Он выжидающе смотрит на меня.
— Ну? — мы оба ничего не испытали при этом.
— Спасибо, Джек. Ты очень мне помог, — я беру его лицо в ладони и целую его в лоб. — Мне надо идти. Выздоравливай, — говорю я и бегу к двери.
На улице я испытываю такое возбуждение и освобождение, что мне хочется прыгать на месте и вопить во все горло. Почему у меня возникла мысль, что то, что я имею с Вэнном можно продублировать с кем-то другим? Только сейчас, именно в этот момент, я понимаю, насколько особенная химия существует между мной и Вэнном.
Я просто несусь домой, кричу приветствие маме, взбегая вверх по лестнице. Я закрываю за собой дверь и бросаю взгляд на стену, посвященную Джеку, и начинаю безудержно смеяться. Какой же дурой я была. Все это время я была полностью сосредоточена на любви к Джеку, что даже не заметила, как влюбилась в Вэнна. Я переодеваюсь в красное платье, которое Вэнну очень нравится, крашу губы под цвет такой же красной помадой и выбегаю из дома.
В метро я не могу сдержать улыбку, которая расплывается на моих губах сама по себе, видно от моей глупости, или от моего счастья. Я представляю, как Вэнн отреагирует на мое известие, потому что знаю, что он любит меня. Знаю, что он очень сильно любит меня, и от этого моя улыбка становится еще больше дурацкой. Пожилая женщина встречается с моими глазами, быстро отводит их в сторону.
— Все хорошо, я не сумасшедшая. Я просто только что узнала, что влюбилась, — говорю я ей.
Она улыбается в ответ. В конце концов, это не чертовое окружение Лондона вызывает у меня это одиночную улыбку, а мое сердце.

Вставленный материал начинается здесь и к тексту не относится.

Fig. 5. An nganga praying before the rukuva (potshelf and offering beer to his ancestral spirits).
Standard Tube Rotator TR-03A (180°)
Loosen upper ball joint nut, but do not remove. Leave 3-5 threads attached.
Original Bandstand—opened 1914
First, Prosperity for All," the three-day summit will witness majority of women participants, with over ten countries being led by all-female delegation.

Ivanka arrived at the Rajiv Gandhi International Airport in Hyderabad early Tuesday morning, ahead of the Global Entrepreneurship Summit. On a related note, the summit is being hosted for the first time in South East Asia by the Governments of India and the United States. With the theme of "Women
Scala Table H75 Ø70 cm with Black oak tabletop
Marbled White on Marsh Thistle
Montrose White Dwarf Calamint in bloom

Я рывком открываю входную дверь в дом Вэнна и стремглав несусь к лифтам. При выходе из лифта, моя сумочка цепляется за бордюр, падает, открывается и все высыпается на пол. Я сажусь на корточки, чтобы собрать этот беспорядок.

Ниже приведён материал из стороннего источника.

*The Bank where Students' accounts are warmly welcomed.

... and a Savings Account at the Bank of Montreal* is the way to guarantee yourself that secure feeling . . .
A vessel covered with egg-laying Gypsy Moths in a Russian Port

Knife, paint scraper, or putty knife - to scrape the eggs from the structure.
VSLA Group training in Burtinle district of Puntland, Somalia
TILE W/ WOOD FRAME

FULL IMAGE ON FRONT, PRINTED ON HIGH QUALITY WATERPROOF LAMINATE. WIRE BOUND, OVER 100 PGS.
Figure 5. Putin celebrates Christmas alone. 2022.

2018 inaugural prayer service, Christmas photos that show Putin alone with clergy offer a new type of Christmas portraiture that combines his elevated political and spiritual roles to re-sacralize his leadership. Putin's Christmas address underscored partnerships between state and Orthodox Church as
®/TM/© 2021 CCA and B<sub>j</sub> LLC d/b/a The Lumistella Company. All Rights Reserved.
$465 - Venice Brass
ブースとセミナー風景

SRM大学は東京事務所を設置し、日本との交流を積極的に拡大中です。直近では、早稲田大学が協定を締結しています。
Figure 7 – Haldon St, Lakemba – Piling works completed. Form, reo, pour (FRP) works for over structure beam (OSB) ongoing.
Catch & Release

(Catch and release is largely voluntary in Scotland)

Судьба — странная штука, должна я вам сказать.
Как только вы выходите из парадной двери, у вас появляется выбор повернуть направо или налево, и именно этот выбор и способен полностью изменить вашу жизнь. Я не знаю, как сложилось бы мое будущее, если бы моя сумка не зацепилась за поручни и ее содержимое не вывалилось наружу. Но в течение нескольких секунд, пока я собираю с пола все рассыпавшиеся вещи, я поднимаю глаза и вижу Лану, выходящую из соседнего лифта. Она замечает меня и похоже чувствует себя немного обескураженной, наверное, поэтому направляется ко мне.

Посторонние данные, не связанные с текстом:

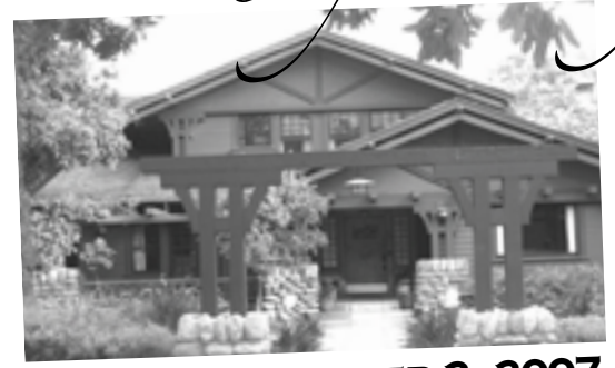
SUNDAY, DECEMBER 2, 2007 3 – 5 p.m. SIEBERT/FRESCO RESIDENCE
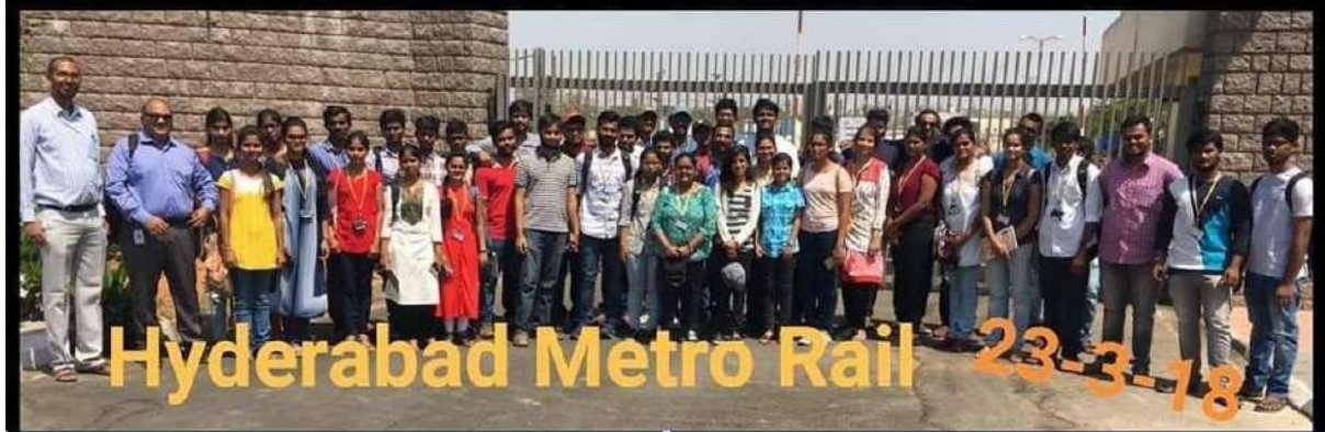
L&T Hyderabad Metro Rail Project visited by Students
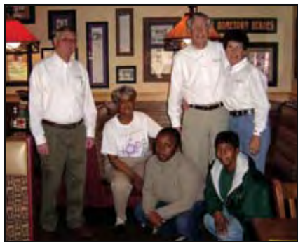
Above, EVB employees volunteer for a Relay for Life breakfast fundraiser at Applebee's in Tappahannock.

Co-Chair for Essex, Richmond County. "We had bake sales, fundraising dinners, concession stands. One office even held a golf tournament."
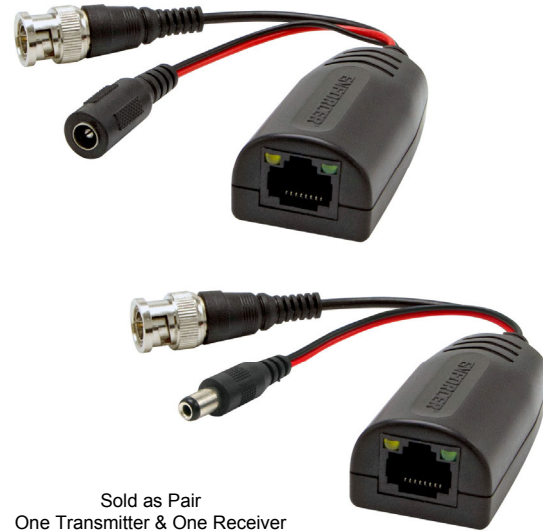
Sold as Pair One Transmitter & One Receiver
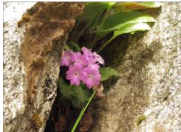
Primula sp. (possibly P. hirsuta ) flowering in a rock crevice at Montenvers

Only a few alpine flowers were in bloom near the station, including a small Primula species (possibly P. hirsuta ) with bright pink flowers but other plants such as Alchemilla alpina and various fern species were coming into active growth. No wild roses were evident in the vicinity but there were wide expanses of "Alpen Rose" ( Rhododendron ferrugineum ) that would flower about a month after our visit, in late June or early July.
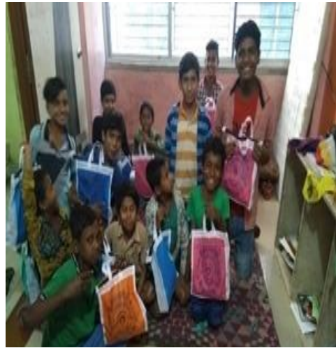
We welcomed the New Year and made it special by spreading smile and happiness among our children.

— Привет, Джули. Ты приходишь или уходишь?
Что, интересно, произошло бы, если бы я ответила прихожу? Вместо этого я почему-то говорю: «ухожу».
В ее взгляде явно читается некое облегчение.
— Может мы сходим на ланч на следующей неделе?
Я чувствую, как волна гнева подымается внизу моего живота. Какого черта она делает здесь? Ей что недостаточно миллиардера? В конце концов, это мой мужчина.
— Да, давай, — я нажимаю на кнопку лифта, двери тут же открываются.
Она не следует за мной, все-таки какая наглость с ее стороны. Она просто стоит, улыбаясь мне, а я автоматически улыбаюсь ей в ответ, но, черт возьми, она что крутит роман с моим мужчиной? Двери закрываются перед ней, и у меня словно вырастают крылья за спиной, я выхожу, когда лифт останавливается, и как гончая несусь вверх пять лестничных пролетов, притормозив только перед дверью пожарного выхода, тяжело дыша.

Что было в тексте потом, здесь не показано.